HOW TO COMPLETE THIS TASK =>
Here is a listing, set out below; repeat its lines from the one with "- Модель отлично" to the last, both included, and leave out the pictures.

DATA =>
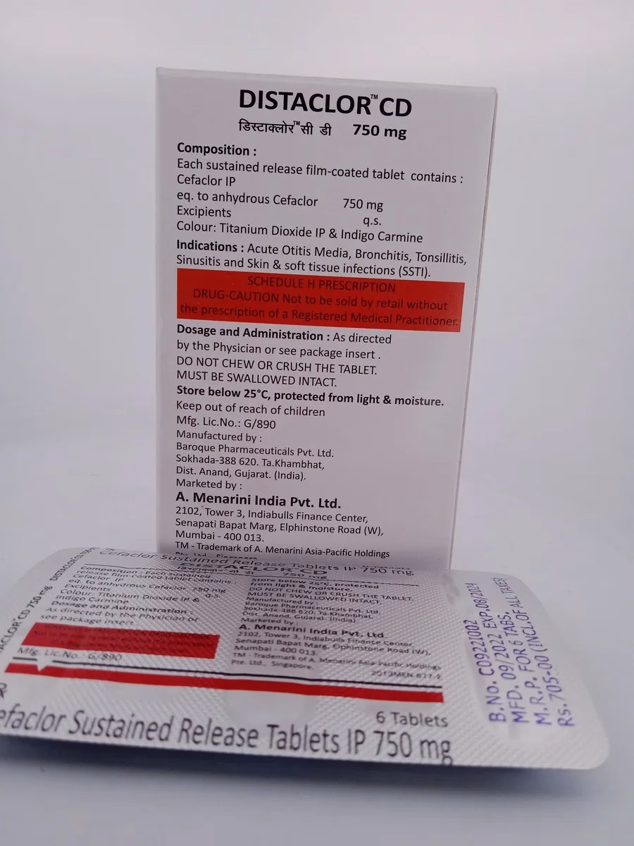 DISTACLOR CD 750 MG, containing Cefaclor, is an antibiotic tablet designed to treat a wide range of bacterial infections. It provides consistent and effective relief by maintaining steady drug levels in the body, making it ideal for respiratory tract infections, skin infections, and urinary tract infections.
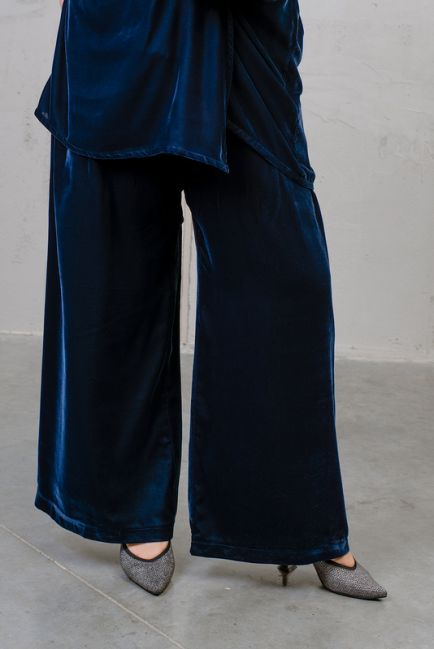 - Модель отлично скрывает объемы и особенности фигуры: за счет широкой штанины ноги кажутся стройнее, а благодаря высокой посадке и поясу на резинке зрительно корректируется объем живота
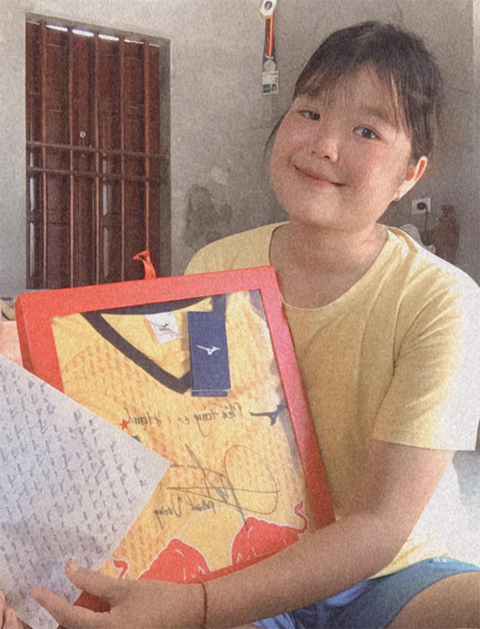 Nữ cầu thủ Trần Thị Hạnh khoe món quà tinh thần ý nghĩa của tiền vệ HAGL Trần Minh Vương

RESPONSE TO THE EXERCISE =>
 - Модель отлично скрывает объемы и особенности фигуры: за счет широкой штанины ноги кажутся стройнее, а благодаря высокой посадке и поясу на резинке зрительно корректируется объем живота
 Nữ cầu thủ Trần Thị Hạnh khoe món quà tinh thần ý nghĩa của tiền vệ HAGL Trần Minh Vương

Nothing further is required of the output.